WHAT YOU SHOULD DO. Exact reproduction of the data is required, with images excluded.

DATA PROVIDED.

[Start of section]

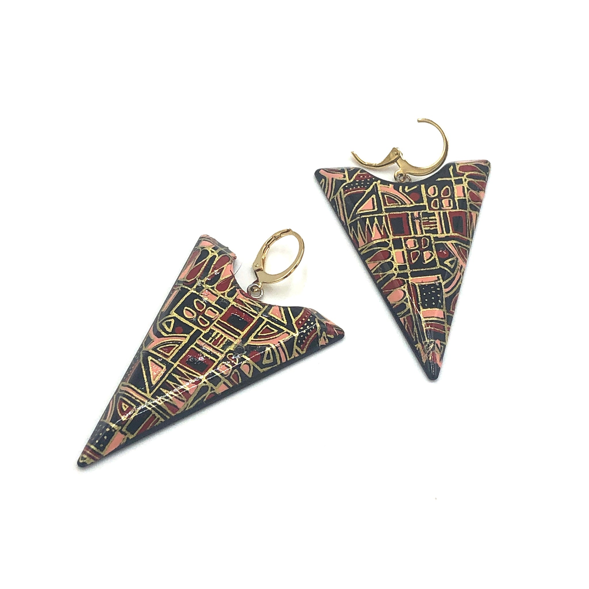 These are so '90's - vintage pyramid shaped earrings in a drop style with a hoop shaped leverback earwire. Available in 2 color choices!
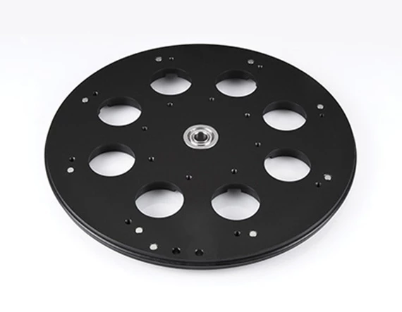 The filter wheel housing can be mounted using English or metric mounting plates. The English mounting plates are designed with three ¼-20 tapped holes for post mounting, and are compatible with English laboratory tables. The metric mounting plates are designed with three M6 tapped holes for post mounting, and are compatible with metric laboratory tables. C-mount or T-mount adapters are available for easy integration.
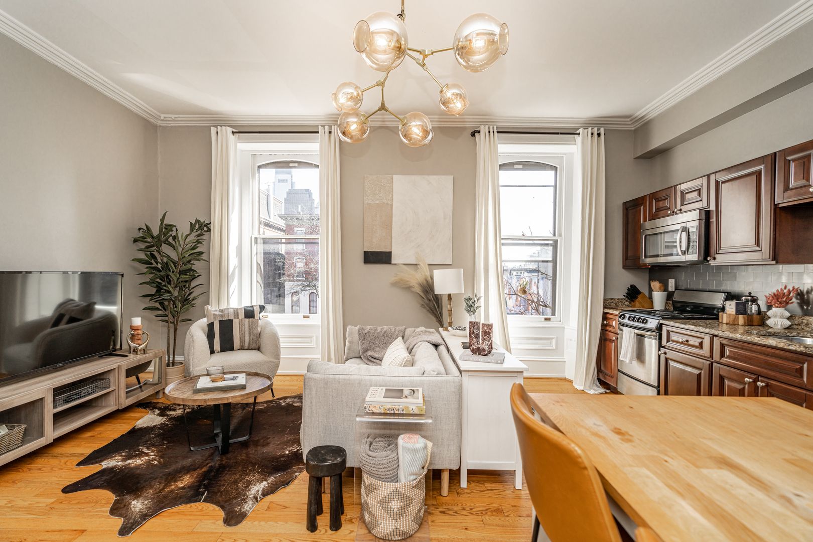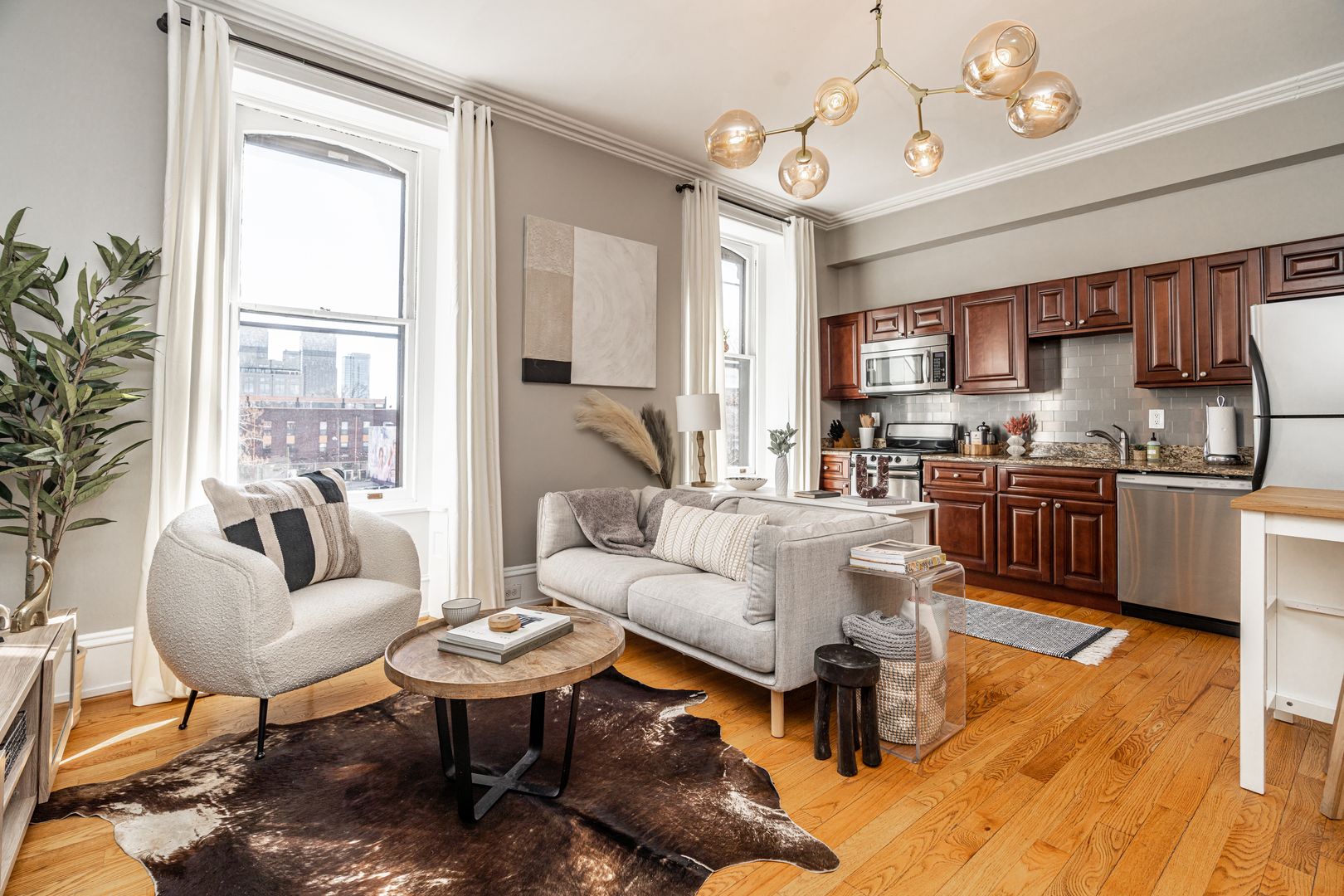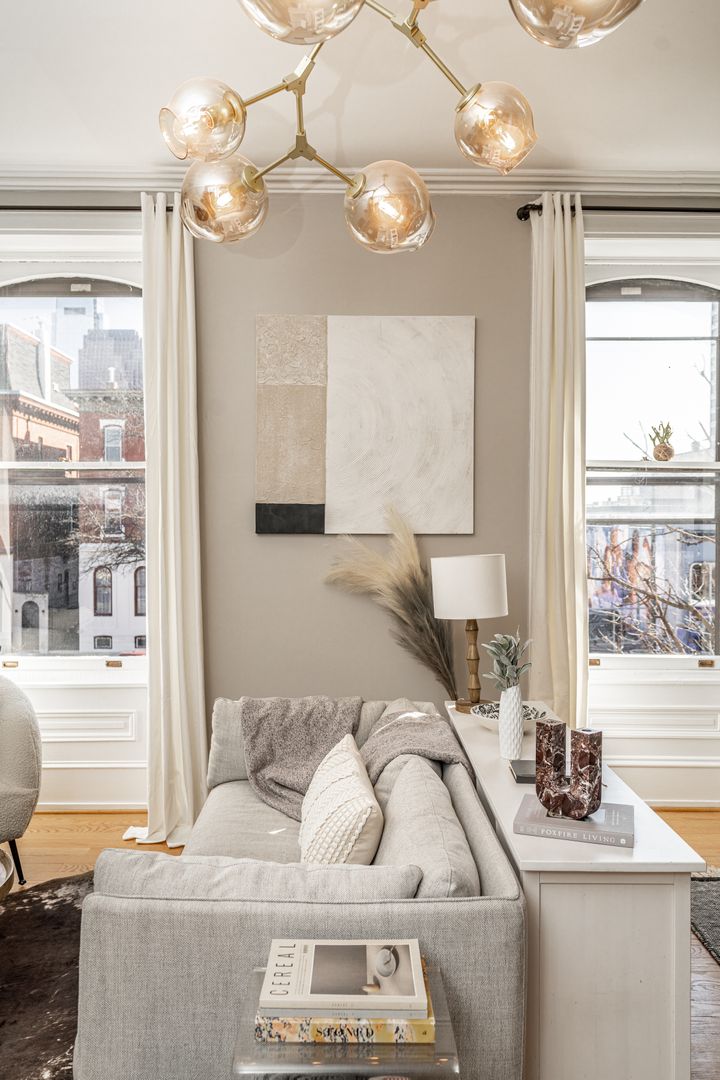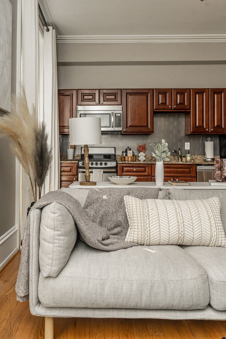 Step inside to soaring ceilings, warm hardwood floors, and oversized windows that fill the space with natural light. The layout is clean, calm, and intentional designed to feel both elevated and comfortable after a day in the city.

[End of section]

WRITTEN SOLUTION.
 These are so '90's - vintage pyramid shaped earrings in a drop style with a hoop shaped leverback earwire. Available in 2 color choices!
 The filter wheel housing can be mounted using English or metric mounting plates. The English mounting plates are designed with three ¼-20 tapped holes for post mounting, and are compatible with English laboratory tables. The metric mounting plates are designed with three M6 tapped holes for post mounting, and are compatible with metric laboratory tables. C-mount or T-mount adapters are available for easy integration.
 Step inside to soaring ceilings, warm hardwood floors, and oversized windows that fill the space with natural light. The layout is clean, calm, and intentional designed to feel both elevated and comfortable after a day in the city.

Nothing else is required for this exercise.